Paul Nolan, 12 Jul 2007
Oxegen day two commences with the inevitable downpour, although at this stage it scarcely matters, as Puncho is already muddier than a glam covers band playing ‘Tiger Feet’. A quick run – alright, a slo-mo trudge – into the Green Room to escape the rain brings us upon Calvin Harris, who does an excellent job of getting the crowd going courtesy of electro-pop nuggets such as ‘Acceptable In The ’80s’ and ‘The Girls’.
Indeed, the Green Room has a rather excellent line-up in the early afternoon, with Harris being followed by the equally impressive Long Blondes. Singer Kate Jackson cuts quite a dash in a striking red dress, whilst behind her the four-piece band rustle up a succession of Blondie-esque new wave pop gems. Outside on the main stage, Bloc Party are about to begin their set, having delivered a mighty performance at Live Earth the previous day (although they were outshone, as was pretty much everyone else, by the resurgent Spinal Tap).
A Weekend In The City is unquestionably one of the albums of the year, a rich and insightful exploration of urban life that, thematically at least, puts one in mind of mid-’90s Blur. A key lyrical influence on Damon Albarn during that period was Martin Amis, and you can definitely discern echoes of novels like Success, Money and London Fields in Kele Okereke’s words, as well as the dystopian vision of Bret Easton Ellis (whose Less Than Zero, of course, inspired ‘Song For Clay’).
More importantly in a festival setting, Kele and the boys know how to strike up some cracking grooves, with tracks like ‘Positive Tension’ and ‘Banquet’ from Silent Alarm going down a storm. Over at Stage 2, a figure in a skin-tight, day-glo lycra bodysuit is working the crowd with considerable energy and style, which can mean only one thing: Lovefoxx and Cansei de Ser Sexy are in town.
Amy Winehouse’s cancellation has meant that CSS now have an earlier slot, but really, you could put them on at any time of the day and they’d still be brilliant. Memorable moments include Lovefoxx getting the crowd to wave their hands in unison during ‘This Month, Day 10’, and stripping off to reveal another bodysuit in the middle of ‘Music Is My Hot, Hot Sex’ (the quintessential CSS song title). Elsewhere, there is little else to say of ‘Let’s Make Love And Listen To Death From Above’ except that it’s a heartbreaking work of staggering genius, and the guitarist performs it with a pair of pink, frilly knickers on his head.
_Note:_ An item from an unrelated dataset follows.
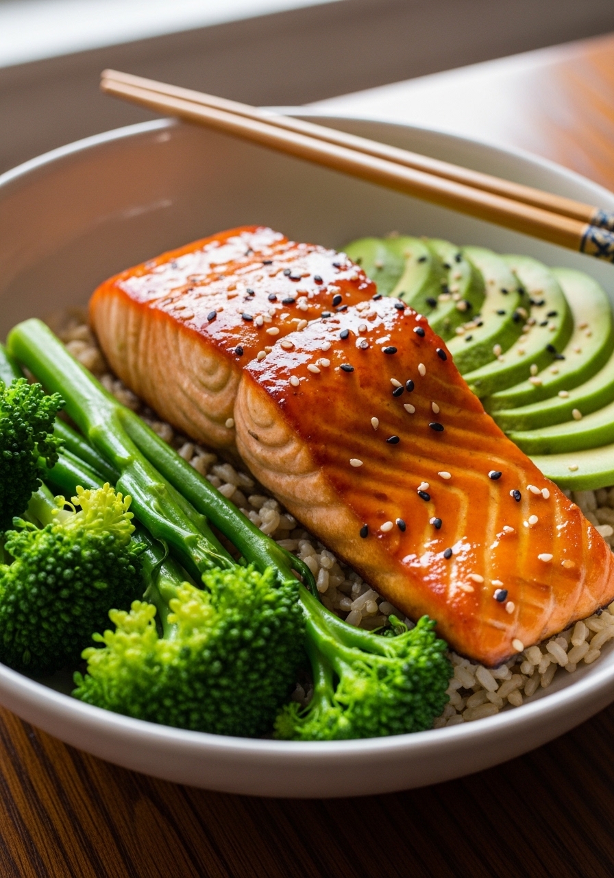 A saucy teriyaki glaze makes salmon feel indulgent while staying lean. These bowls are built for meal prep—salmon stays flavorful and pairs with slow-release brown rice and veggies for balanced fullness. Use a non-stick pan or a cast iron skillet for a caramelized finish.

Back in the Green Room, Black Rebel Motorcycle Club are doing their Jesus And Mary Chain-inspired, fuzz-pop thang to perfection, with the gloriously ragged melodic rush of ‘Spread Your Love’, the bluesy stomp of ‘No Easy Way Out’ and the Oasis-style sonic blizzard of ‘Whatever Happened To My Rock N Roll (Punk Song)’ deserving particularly special mention. A quick check-in on the supremely entertaining DJ face-off between DJ Shadow and Cut Chemist in the dance arena (which takes in everything from thumping electro to soulful ambience and the pain-threshold riffing of Metallica’s ‘One’) and it’s time for the main event.
Arcade Fire arrive on the main stage and kick into a powerful ‘Keep The Car Running’, the perfect opener for an absolutely stunning set that rivals their legendary performance at Electric Picnic two years ago. Playing against the backdrop of a giant red velvet curtain, Win, Regine and co. manage the remarkable feat of conjuring a celebratory atmosphere amongst the rain-sodden, mud-covered crowd.